The AI Power Struggle | Artifocial Blog

TL;DR: The week OpenAI rushed to fill Anthropic's Pentagon seat, shipped two models in four days, Alibaba's 9B model embarrassed 120B rivals, and your phone learned to order dinner.

Watch our video: on Youtube or Rumble

The Big Story: The Pentagon-AI Triangle

The most consequential AI story of the week wasn't a model release — it was the fallout from Anthropic's refusal to grant unrestricted military access to Claude.

The backstory: on February 27, the Trump administration banned Anthropic from federal use and the Pentagon designated the company a "supply chain risk" after Anthropic held firm on its red lines — no autonomous weapons, no domestic mass surveillance. The very next day, OpenAI announced it had signed a contract to deploy its models on the Pentagon's classified networks.

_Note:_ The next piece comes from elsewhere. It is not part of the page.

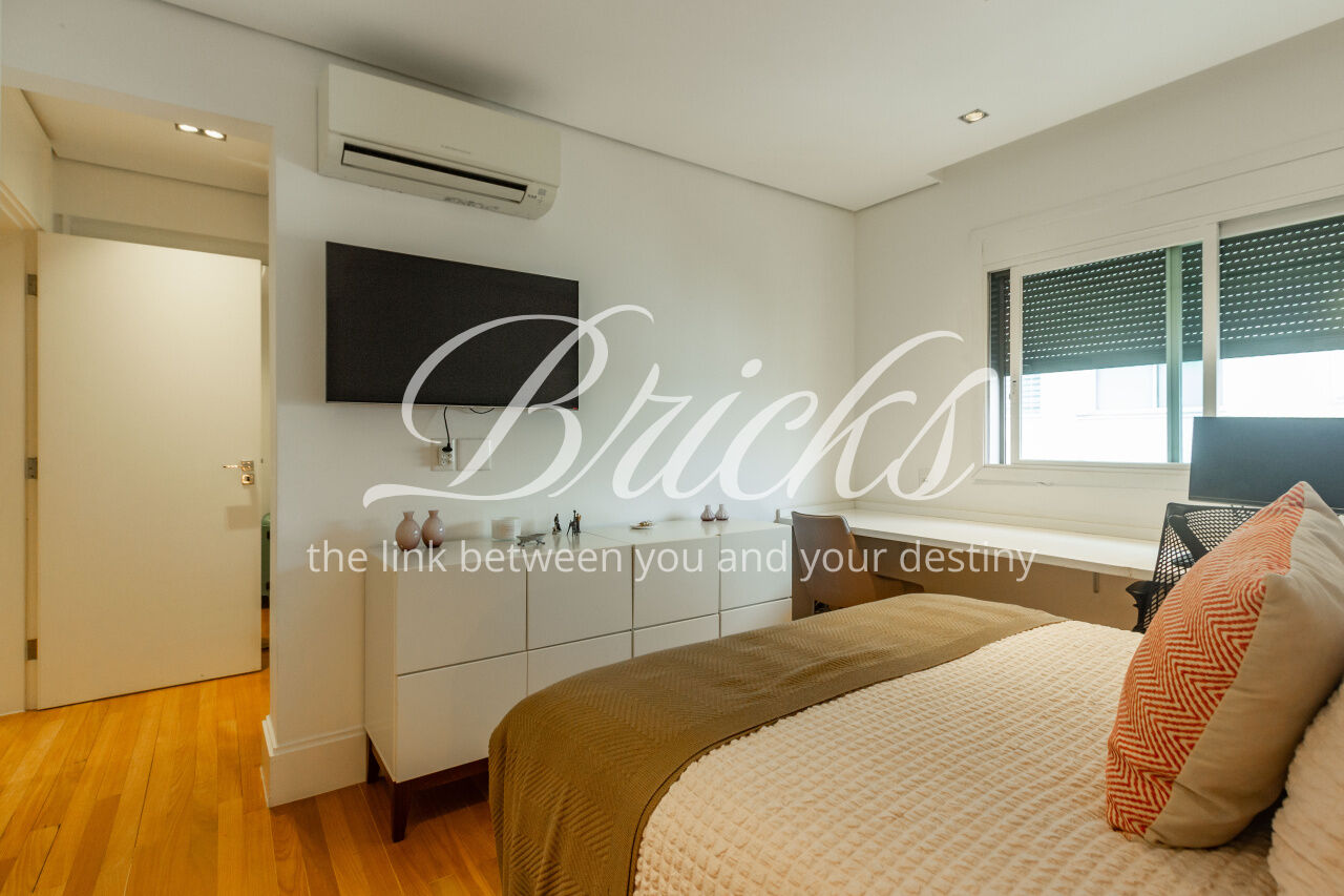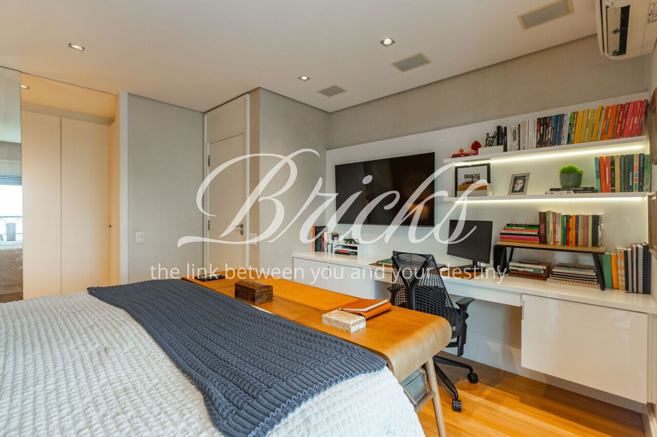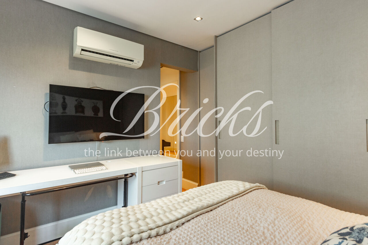 Todas as suítes possuem ar-condicionado e armários Ornare, além de outros detalhes que trazem praticidade e conforto. O apartamento está pronto para receber seus novos moradores e pode ser vendido com todos os móveis.

The optics were brutal. By March 3, CEO Sam Altman admitted the deal "looked opportunistic and sloppy" and announced amendments adding explicit language that OpenAI systems would not be used for domestic surveillance of U.S. persons. The Pentagon also confirmed intelligence agencies like the NSA would require a separate contract modification to access OpenAI's services. Anthropic CEO Dario Amodei went further, calling OpenAI's public messaging around the deal "straight up lies."

Internally, OpenAI staff weren't happy either. CNN reported that many employees "really respect" Anthropic for standing up to the Pentagon and are frustrated with their own company's handling of the situation. Meanwhile, over 100 Google DeepMind employees signed an internal letter to chief scientist Jeff Dean opposing military applications of Gemini for surveillance or autonomous weapons.

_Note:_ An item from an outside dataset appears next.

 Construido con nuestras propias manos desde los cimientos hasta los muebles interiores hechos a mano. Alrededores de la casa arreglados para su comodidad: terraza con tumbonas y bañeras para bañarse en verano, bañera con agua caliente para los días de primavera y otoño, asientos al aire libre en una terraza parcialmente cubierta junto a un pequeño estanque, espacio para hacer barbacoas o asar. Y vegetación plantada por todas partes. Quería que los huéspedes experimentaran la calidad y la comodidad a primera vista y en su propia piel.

By March 5, Anthropic was back at the negotiating table with the Pentagon in what the Financial Times described as a last-ditch effort to reach acceptable terms. The consumer response was unexpected: Anthropic surged to the top of Apple's App Store download charts, its refusal to comply becoming a trust signal that drove adoption.

The episode crystallized a tension the industry can no longer avoid. As the Center for American Progress argued, the Pentagon's rapid pivot from one AI provider to another — with hastily written contracts and retroactive amendments — demonstrates the need for Congressional oversight of military AI procurement.

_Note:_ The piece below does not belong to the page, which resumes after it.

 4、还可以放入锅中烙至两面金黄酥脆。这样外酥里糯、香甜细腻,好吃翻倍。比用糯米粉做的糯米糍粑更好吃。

Why it matters for practitioners: Enterprise adoption decisions increasingly hinge on a provider's policy posture, not just benchmark scores. OpenAI's rushed contract and subsequent walkback is a case study in how defense partnerships create reputational risk. If your organization is evaluating frontier models, acceptable use policies — and how they hold up under government pressure — are now a procurement consideration.

OpenAI Ships GPT-5.3 Instant and GPT-5.4 in One Week

OpenAI had a prolific week. GPT-5.3 Instant landed on March 3, followed by GPT-5.4 on March 5 — two model releases in four days.

GPT-5.3 Instant addresses two persistent ChatGPT complaints: hallucination (reduced up to 26.8%) and the tendency to lecture before answering. It's positioned as a faster, more direct conversational model.

GPT-5.4 is the bigger release. It unifies reasoning, coding (inheriting GPT-5.3-Codex capabilities), and agentic workflows into a single frontier model. Key specs: up to 1 million token context window via the API (the largest OpenAI has offered), 33% fewer factual errors per claim compared to GPT-5.2, and improved handling of professional workflows involving documents, spreadsheets, and presentations. GPT-5.4 Thinking replaced GPT-5.2 Thinking for Plus, Team, and Pro subscribers.

The rapid cadence — two models in one week — signals OpenAI is under competitive pressure. As Gizmodo noted, this comes at a moment when Anthropic's Claude and Google's Gemini have been gaining ground in enterprise adoption and developer mindshare.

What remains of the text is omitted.